Equal Costs, Unequal Risk: BBH’s Concentration Versus XPH’s Breadth
A 25‑stock biotech fund that leans heavily on a few large names shows higher volatility and split returns while a 65‑stock pharmaceuticals ETF delivers broader, steadier exposure.
Overview
- Both ETFs charge the same 0.35% expense ratio and report a 0.50% trailing 12‑month distribution yield, so headline cost and yield do not explain their different results.

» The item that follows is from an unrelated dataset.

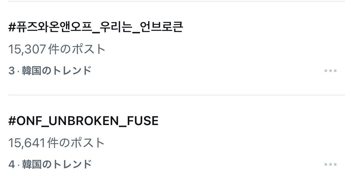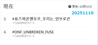 251110のオネノプちゃん、11/10(月)18時に9thミニアルバムのリリースを記念して、ハッシタグイベントで韓国Twitterのトレンドで3位と4位にランクイン💡 #ONF_UNBROKEN_FUSE #퓨즈와온앤오프_우리는_언브로큰 pic.x.com/f6HUX2w1m6

- VanEck Biotech ETF (BBH) holds 25 names and is top‑heavy with Amgen at 15%, Gilead Sciences at 12.7%, and Vertex at 9.4%, which raises its sensitivity to those companies’ fortunes.
- State Street SPDR S&P Pharmaceuticals ETF (XPH) holds 65 securities and spreads its largest positions across much smaller weights, producing lower historical volatility by the beta measure used in the comparison.
- The two funds have diverged materially in trailing total returns over the past year, illustrating that identical fees can mask big differences in performance driven by concentration and company‑specific risk.
- Investors should choose based on goals and tolerance: BBH offers higher single‑stock upside and clinical/regulatory risk, XPH offers broader diversification and steadier sector exposure, and launch dates and fund size can affect liquidity and trading costs.